Е. И. Барановскому 19 февраля 1860 г., Москва
Ваше мнение об Оголине и подобных ему очень справедливо! Да! Из этих размашистых натур ровно ничего не выходит порядочного… Он и бил своих людей, как я слышал еще в Оренбурге. Это наши либералы! А уж ругают же меня… Звенигородская говорит, что от колодника, от ссыльного и ожидать ничего больше нельзя! Оголин утверждает, что моя женитьба есть бесчестный поступок, потому что я женился не по любви, а из-за денег, хотя ему очень хорошо известно, что я не взял за женой ничего – ни даже Андреевки…

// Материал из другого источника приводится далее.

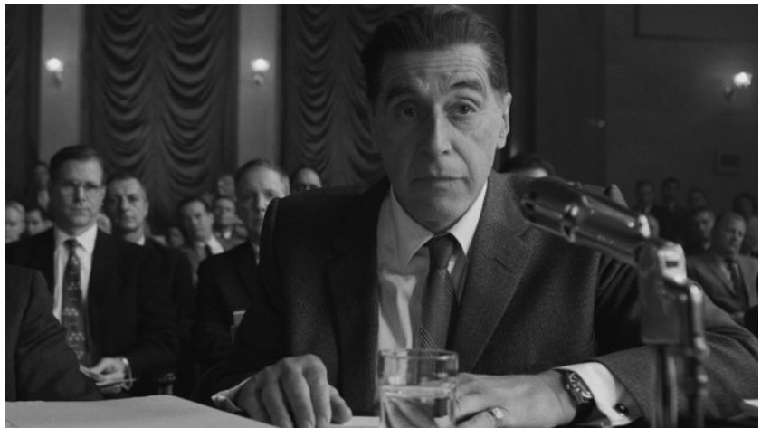
Al Pacino as Jimmy Hoffa in The Irishman (Netflix).

And the Teamsters knew this wasn't an empty threat. Also, rumor had it that part of that deal included the feds promising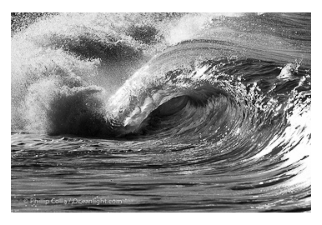
Warm Water Jetties, Carlsbad

constantly to look for the best angle given the direction, size and shape of the waves on a particular day. Typically the more oblique the angle the more pleasing the composition, looking down the axis of the wave. But where to achieve this? It takes some looking around and getting familiar with the nooks and crannies of the coastline. Rock jetties are great vantage points as they allow the photographer to move out from shore onto the water beyond the point at the which the wave breaks and yet maintain a low angle relative to the ocean surface. Piers allow for the down-the-barrel view as well, but the high angle looking down on the wave is sometimes difficult to work from. Anywhere there is a sharp bend in the coast and waves that break close to shore provides a vantage for looking down the length of a wave without actually getting wet. At surf contests, where photographers remain in place most of the day, tripods are the choice. But for moving around the beach and on jetties and piers I prefer the mobility of a monopod.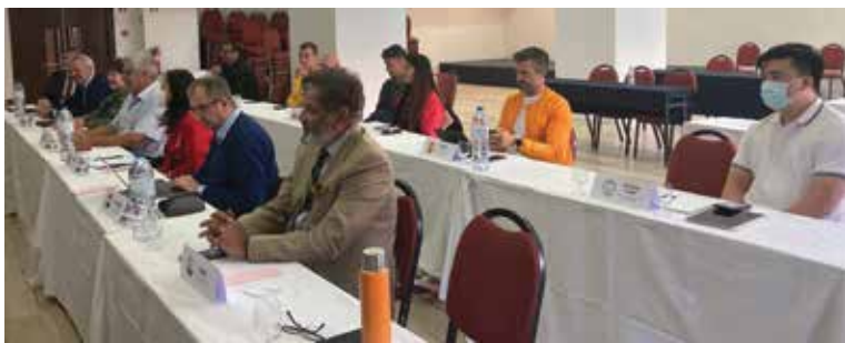
CPISRA General Assembly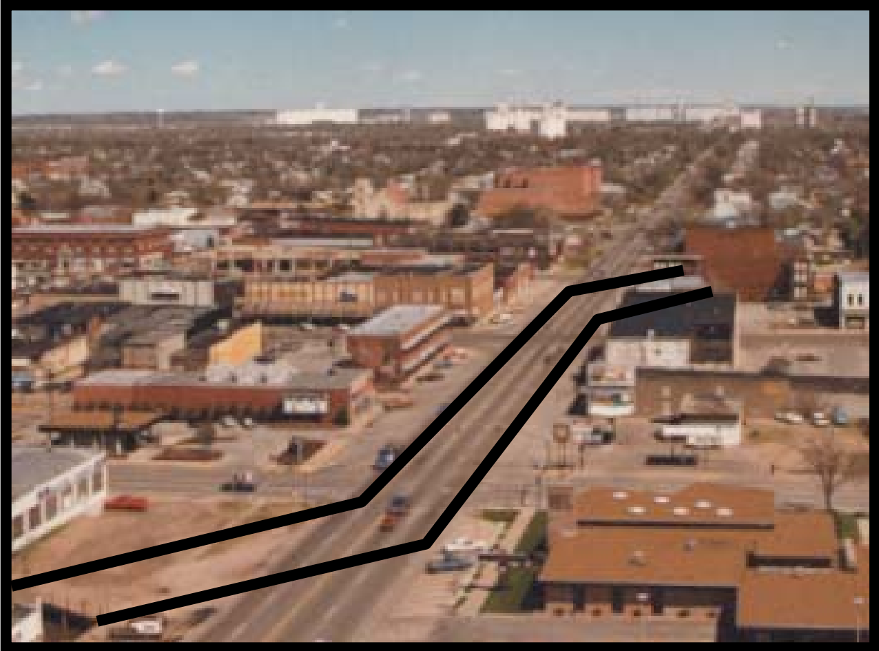
Fig. 3. Cow Creek (Avenue A) before the daylighting project began.

provided the funds for the merry-go-round. The play area remains part of the master plan, even though at this point Munger admitted that a funding source for it is still unknown.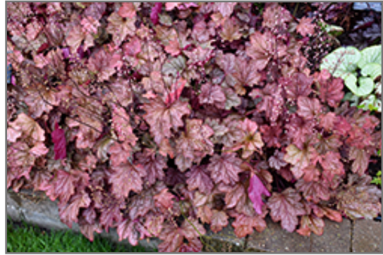
Carnival Watermelon Coral Bells in bloom

Carnival Watermelon Coral Bells will grow to be about 12 inches tall at maturity extending to 18 inches tall with the flowers, with a spread of 14 inches. When grown in masses or used as a bedding plant, individual plants should be spaced approximately 10 inches apart. Its foliage tends to remain dense right to the ground, not requiring facer plants in front. It grows at a medium rate, and under ideal conditions can be expected to live for approximately 10 years. As an evergreen perennial, this plant will typically keep its form and foliage year-round.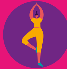
Do breathing/mindfulness exercises

Е. И. Барановскому 30 марта 1860 г., Москва
Вы уже давно не выезжали из Оренбургского края. Что там нового? Катенин, говорят, был дурно принят в Петербурге и ничего не получил и никаких наград не привез. Достолюбезная оренбургская публика обманулась в ожиданиях. В «Колоколе» описаны дела по заводам Пашкова и Сухозанета и дело Жадовского. Любопытно прочесть – в каком виде все это изложено. Знаю еще, что на меня Оренбург комедию написал, поправленную Григорьевым, который едва ли ее не повез в Петербург. Сюжет рассказывают двояко… Один из авторов комедии – Северцев4.
Из «Оренбургских губернских ведомостей»
(1860 г., №7)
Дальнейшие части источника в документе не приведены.